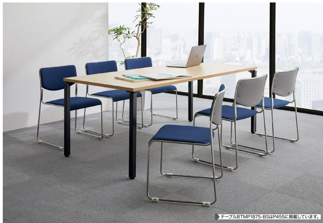
テーブルBTMP1875-BSはP455に掲載しています。
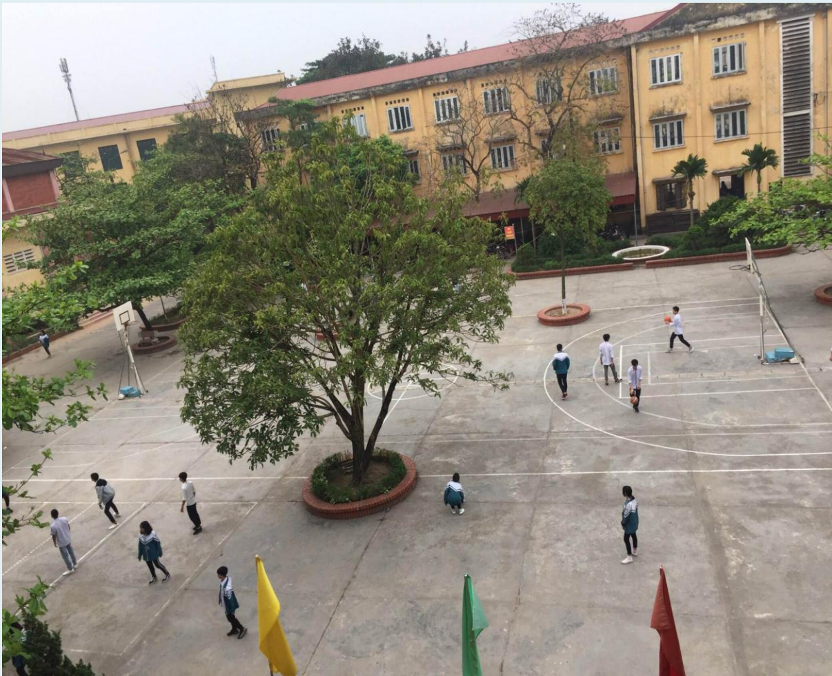
Giờ ra chơi sau mỗi tiết học căng thẳng học sinh thỏa thích hoạt động vui chơi

Ngôi trường Trung học phổ thông Hưng Yên dấu yêu.Yêu dãy ghế đá trước phòng học với hàng cây thẳng tắp dịu mát êm đềm.Yêu góc nhỏ ở sân sau tòa nhà lúc nào cũng đông đúc.Ấn tượng với cảnh sân trường vào mỗi giờ ra chơi, mỗi buổi xế chiều lúc các câu lạc bộ sinh hoạt nhóm vui vẻ, nhộn nhịp.
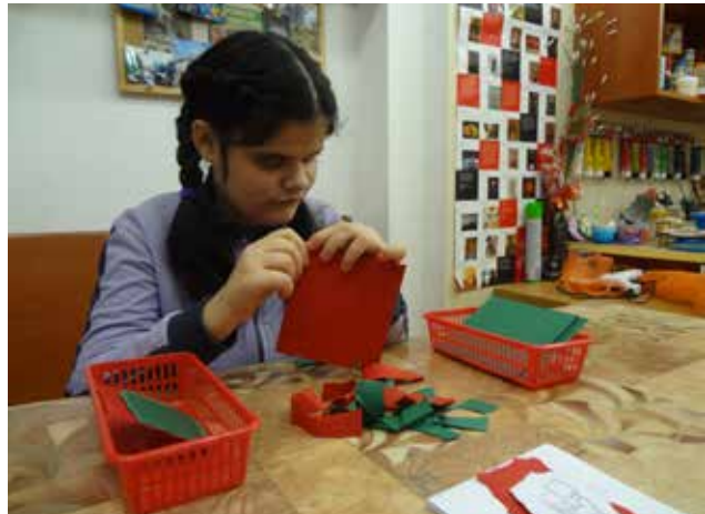
Desi bastelt Weihnachtskärtchen für uns ...
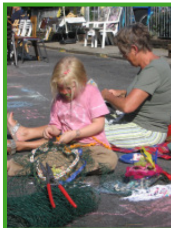
Eindrücke von der diesjährigen StraßenSpielAktion
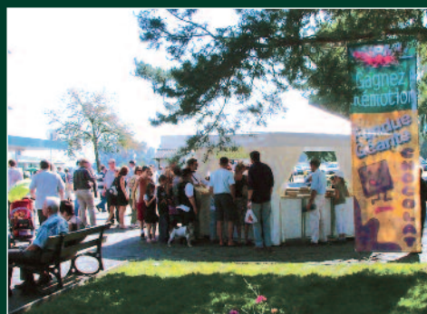
La Fête du chocolat
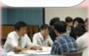
多岐にわたる「地域の課題」の解決を図っている。

地域生活に関わる課題の解決を目的として、地域生活に関わる課題の解決を目的として、多岐にわたる活動を実施した。本年度は、地域生活に関わる課題の解決を目的として、多岐にわたる活動を実施した。本年度は、地域生活に関わる課題の解決を目的として、多岐にわたる活動を実施した。
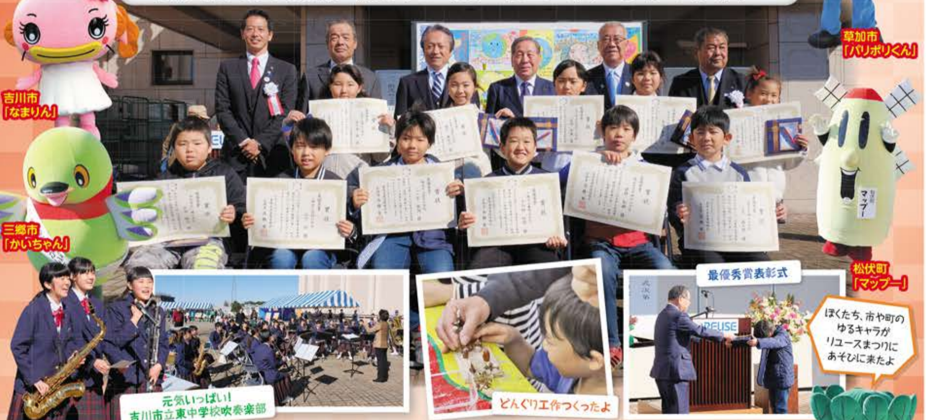
元気いっぱい 吉川市立東中学校吹奏楽部
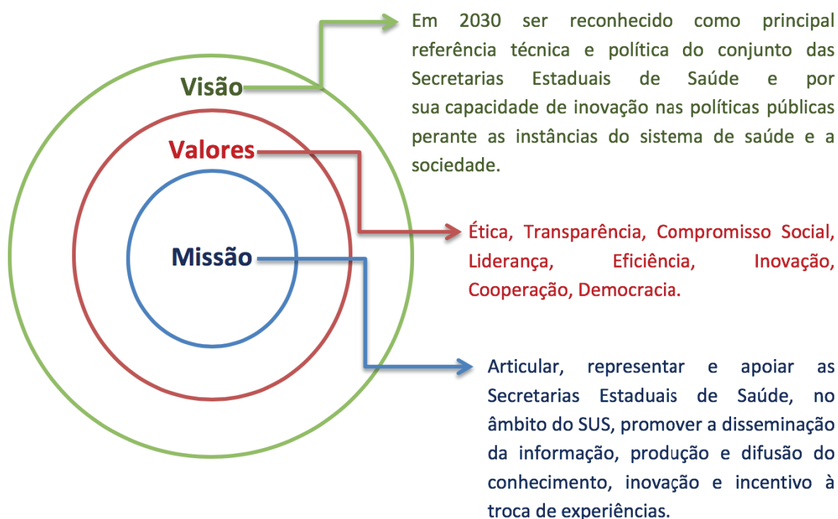
Figura 1 - Missão, Valores e Visão do Conass.
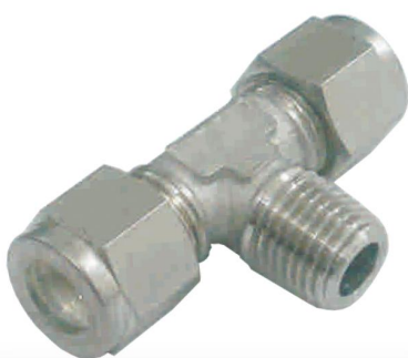
TEE MACHO CENTRAL T-TMCT
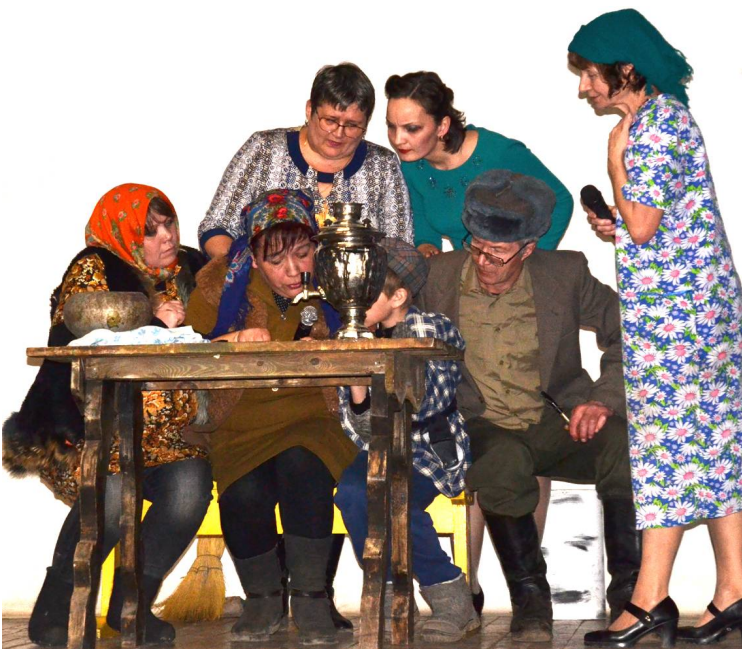
Детская школа искусств
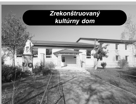
Zrekonštruovaný kultúrny dom
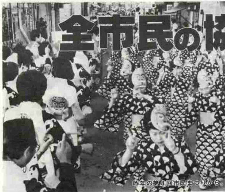
昨年の第8回市民まつりから
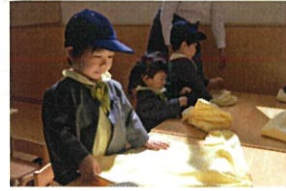
次はどうやって置くのが考えています♡
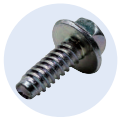
▲炭素繊維強化プラスチック用セルフタッピンねじ「CFタイト」。同社が特許を取得し、自動車の軽量化を支援するねじとして期待が高まっています。
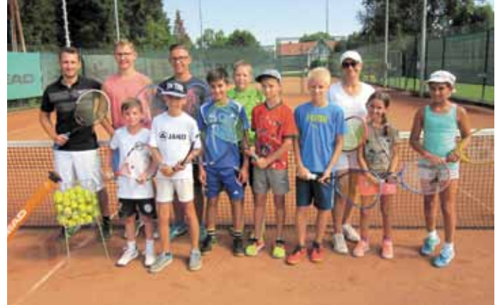
Gratis Kinderkurs – 13 Kinder haben das Angebot des TC Eichfeld für einen Gratistenniskurs angenommen und waren mit Begeisterung dabei.
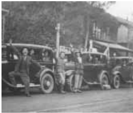
コンテンツの中にはこのような古い写真も
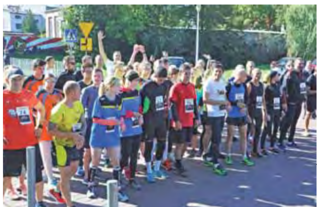
Start do biegu głównego na dystansie 5 kilometrów.

Wśród rodziców wiele emocji budziły biegi przedszkolaków i zawodników z klas młodszych szkół podstawowych. Tu o zwycięstwo walka trwała zawsze do końca. Medal na szyi był super nagrodą. W biegach młodzieżowych rewelacyjnie zaprezentowali się zawodnicy z UKS Pijarski Klub Sportowy. Podopieczni Ta-
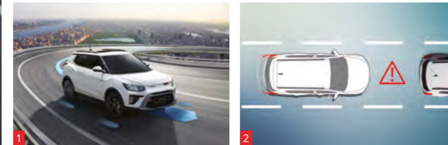
1 Sistema activo antivuelco (ARP) 2 Aviso luminoso de frenada de emergencia (ESS) 3 Control de descenso en pendientes (HDC) 4 Asistente de arranque en pendientes (HSA)
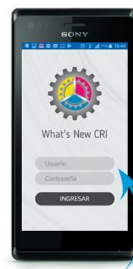
Paso 5 Ingresar con su "Usuario y Contraseña" (el mismo que utiliza para ingresar al pizarrón, pagos y boletas)

Para más información, favor de comunicarse a: "SOPORTE TÉCNICO" TEL. 55 6717 0017
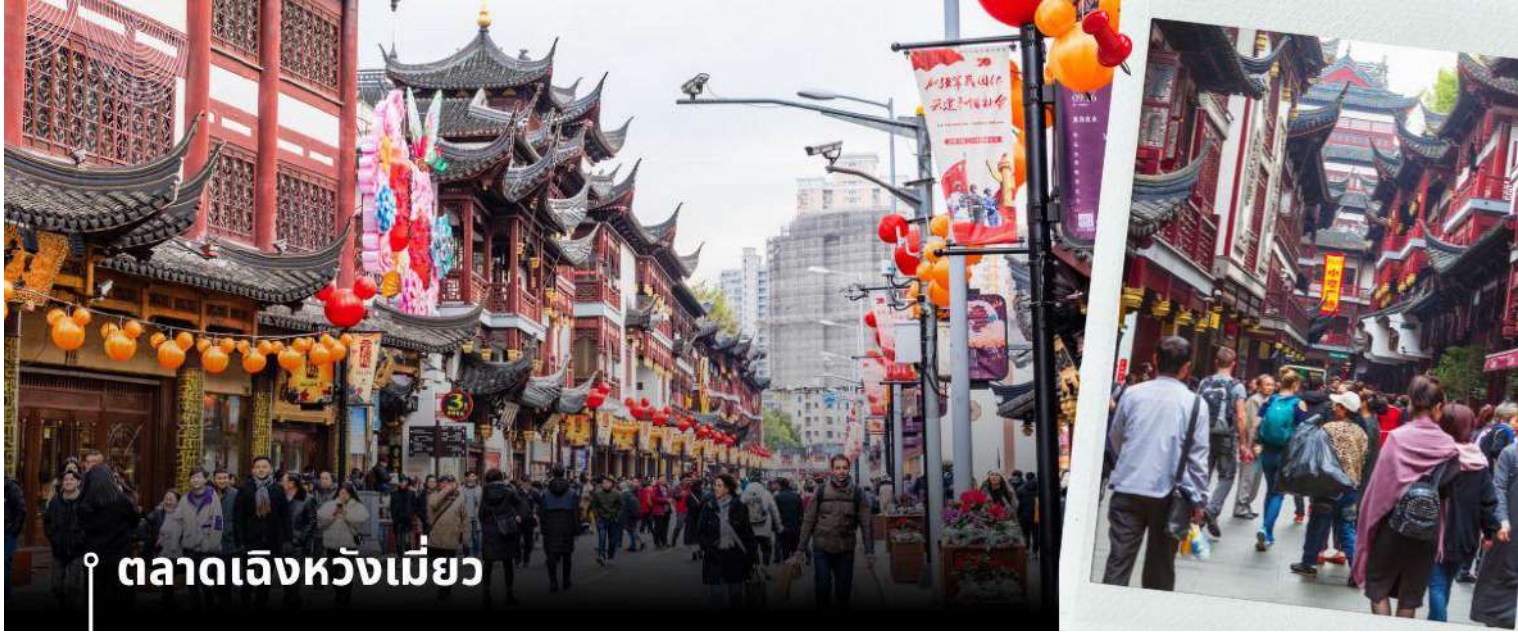
📍 ตลาดเจิ้งเหมียว

จากนั้นนำท่านสู่ ตลาดเจิ้งเหมียว เป็นศูนย์รวมสินค้า และอาหารพื้นเมืองที่แสดงถึงเอกลักษณ์ของชาวเซี่ยงไฮ้ซึ่งมีการผสมผสานระหว่างอดีตและปัจจุบันได้อย่างลงตัว ซึ่งเป็นย่านสินค้าราคาถูกที่มีชื่ออีกย่านหนึ่งของนครเซี่ยงไฮ้ ให้ท่านอิสระช้อปปิ้งตามอัธยาศัย
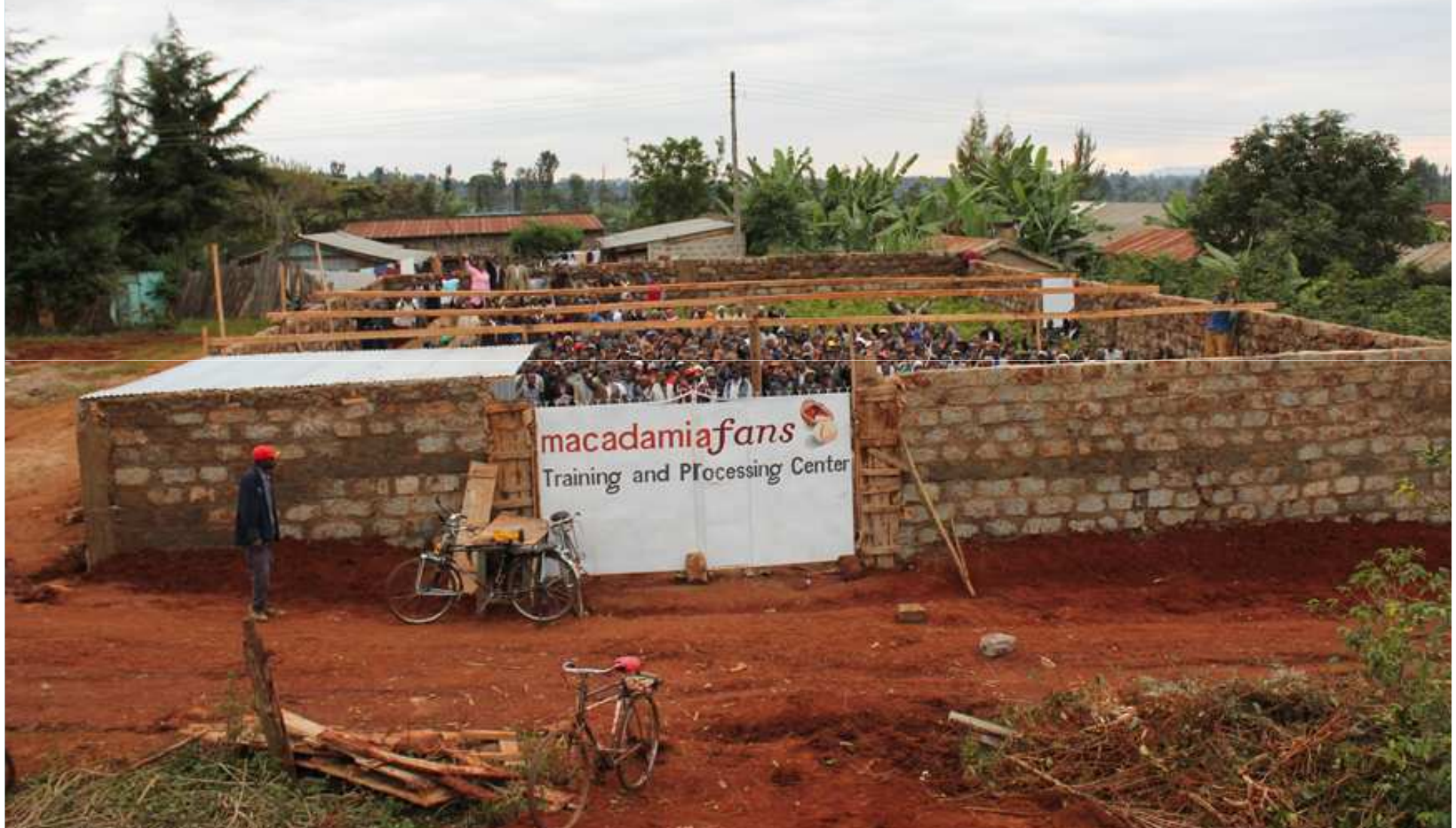
Nachhaltige Wertschöpfungskette für Bio-Macadamia-Nüsse aus Kenia

=-=-=

Please repeat the records above exactly, leaving every picture out.

_WRITTEN RESPONSE:_
テーブルBTMP1875-BSはP455に掲載しています。
Giờ ra chơi sau mỗi tiết học căng thẳng học sinh thỏa thích hoạt động vui chơi

Ngôi trường Trung học phổ thông Hưng Yên dấu yêu.Yêu dãy ghế đá trước phòng học với hàng cây thẳng tắp dịu mát êm đềm.Yêu góc nhỏ ở sân sau tòa nhà lúc nào cũng đông đúc.Ấn tượng với cảnh sân trường vào mỗi giờ ra chơi, mỗi buổi xế chiều lúc các câu lạc bộ sinh hoạt nhóm vui vẻ, nhộn nhịp.
Desi bastelt Weihnachtskärtchen für uns ...
Eindrücke von der diesjährigen StraßenSpielAktion
La Fête du chocolat
多岐にわたる「地域の課題」の解決を図っている。

地域生活に関わる課題の解決を目的として、地域生活に関わる課題の解決を目的として、多岐にわたる活動を実施した。本年度は、地域生活に関わる課題の解決を目的として、多岐にわたる活動を実施した。本年度は、地域生活に関わる課題の解決を目的として、多岐にわたる活動を実施した。
元気いっぱい 吉川市立東中学校吹奏楽部
Figura 1 - Missão, Valores e Visão do Conass.
TEE MACHO CENTRAL T-TMCT
Детская школа искусств
Zrekonštruovaný kultúrny dom
昨年の第8回市民まつりから
次はどうやって置くのが考えています♡
▲炭素繊維強化プラスチック用セルフタッピンねじ「CFタイト」。同社が特許を取得し、自動車の軽量化を支援するねじとして期待が高まっています。
Gratis Kinderkurs – 13 Kinder haben das Angebot des TC Eichfeld für einen Gratistenniskurs angenommen und waren mit Begeisterung dabei.
コンテンツの中にはこのような古い写真も
Start do biegu głównego na dystansie 5 kilometrów.

Wśród rodziców wiele emocji budziły biegi przedszkolaków i zawodników z klas młodszych szkół podstawowych. Tu o zwycięstwo walka trwała zawsze do końca. Medal na szyi był super nagrodą. W biegach młodzieżowych rewelacyjnie zaprezentowali się zawodnicy z UKS Pijarski Klub Sportowy. Podopieczni Ta-
1 Sistema activo antivuelco (ARP) 2 Aviso luminoso de frenada de emergencia (ESS) 3 Control de descenso en pendientes (HDC) 4 Asistente de arranque en pendientes (HSA)
Paso 5 Ingresar con su "Usuario y Contraseña" (el mismo que utiliza para ingresar al pizarrón, pagos y boletas)

Para más información, favor de comunicarse a: "SOPORTE TÉCNICO" TEL. 55 6717 0017
📍 ตลาดเจิ้งเหมียว

จากนั้นนำท่านสู่ ตลาดเจิ้งเหมียว เป็นศูนย์รวมสินค้า และอาหารพื้นเมืองที่แสดงถึงเอกลักษณ์ของชาวเซี่ยงไฮ้ซึ่งมีการผสมผสานระหว่างอดีตและปัจจุบันได้อย่างลงตัว ซึ่งเป็นย่านสินค้าราคาถูกที่มีชื่ออีกย่านหนึ่งของนครเซี่ยงไฮ้ ให้ท่านอิสระช้อปปิ้งตามอัธยาศัย
Nachhaltige Wertschöpfungskette für Bio-Macadamia-Nüsse aus Kenia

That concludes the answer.